**Activity:**
Look below for the line that contains "а також під", then copy it and each following line to the end of the records, minus any pictures.

Stored items
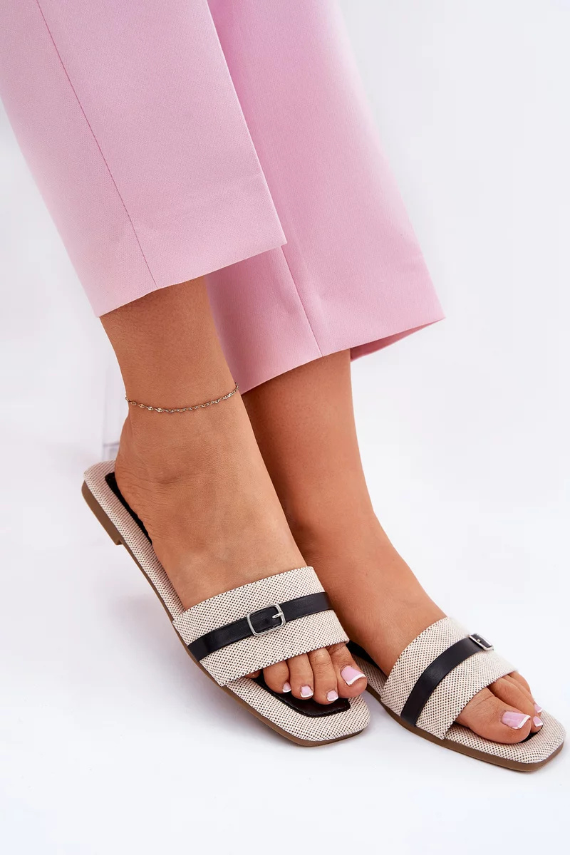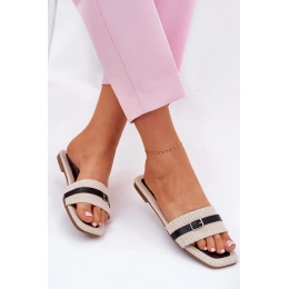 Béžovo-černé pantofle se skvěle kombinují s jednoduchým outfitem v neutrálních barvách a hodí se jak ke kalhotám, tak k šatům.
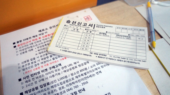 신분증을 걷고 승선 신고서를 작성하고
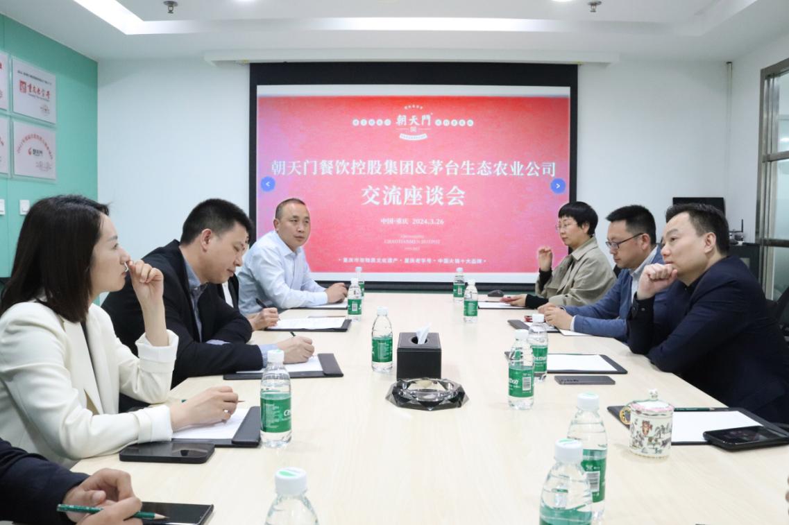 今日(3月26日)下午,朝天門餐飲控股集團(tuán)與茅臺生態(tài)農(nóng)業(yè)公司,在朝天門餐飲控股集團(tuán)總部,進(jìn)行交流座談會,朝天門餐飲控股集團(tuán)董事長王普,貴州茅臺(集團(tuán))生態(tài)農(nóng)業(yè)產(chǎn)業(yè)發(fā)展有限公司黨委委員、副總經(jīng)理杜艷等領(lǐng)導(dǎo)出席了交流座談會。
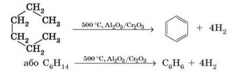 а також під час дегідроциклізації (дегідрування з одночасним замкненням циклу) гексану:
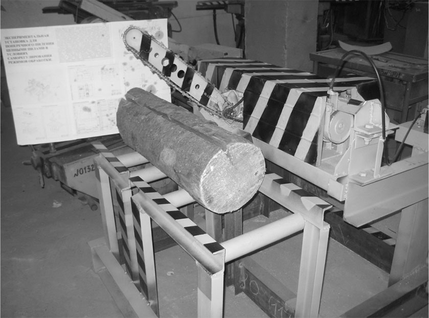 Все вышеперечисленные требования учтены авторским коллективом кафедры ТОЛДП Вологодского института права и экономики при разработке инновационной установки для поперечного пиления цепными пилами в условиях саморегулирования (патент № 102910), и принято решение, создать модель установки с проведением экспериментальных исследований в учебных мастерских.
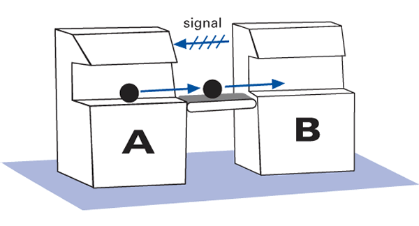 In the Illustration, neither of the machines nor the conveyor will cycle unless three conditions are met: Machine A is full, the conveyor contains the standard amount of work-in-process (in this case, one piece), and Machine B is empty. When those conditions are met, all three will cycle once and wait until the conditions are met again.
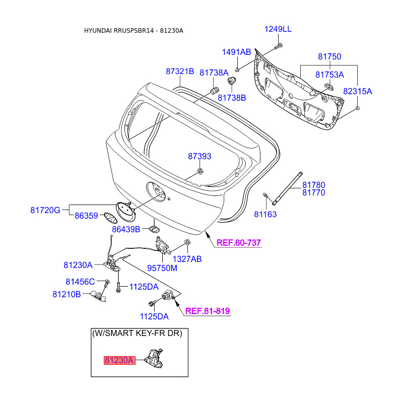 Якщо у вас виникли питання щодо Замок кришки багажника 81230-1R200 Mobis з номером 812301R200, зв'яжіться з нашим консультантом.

**Your response:**
 а також під час дегідроциклізації (дегідрування з одночасним замкненням циклу) гексану:
 Все вышеперечисленные требования учтены авторским коллективом кафедры ТОЛДП Вологодского института права и экономики при разработке инновационной установки для поперечного пиления цепными пилами в условиях саморегулирования (патент № 102910), и принято решение, создать модель установки с проведением экспериментальных исследований в учебных мастерских.
 In the Illustration, neither of the machines nor the conveyor will cycle unless three conditions are met: Machine A is full, the conveyor contains the standard amount of work-in-process (in this case, one piece), and Machine B is empty. When those conditions are met, all three will cycle once and wait until the conditions are met again.
 Якщо у вас виникли питання щодо Замок кришки багажника 81230-1R200 Mobis з номером 812301R200, зв'яжіться з нашим консультантом.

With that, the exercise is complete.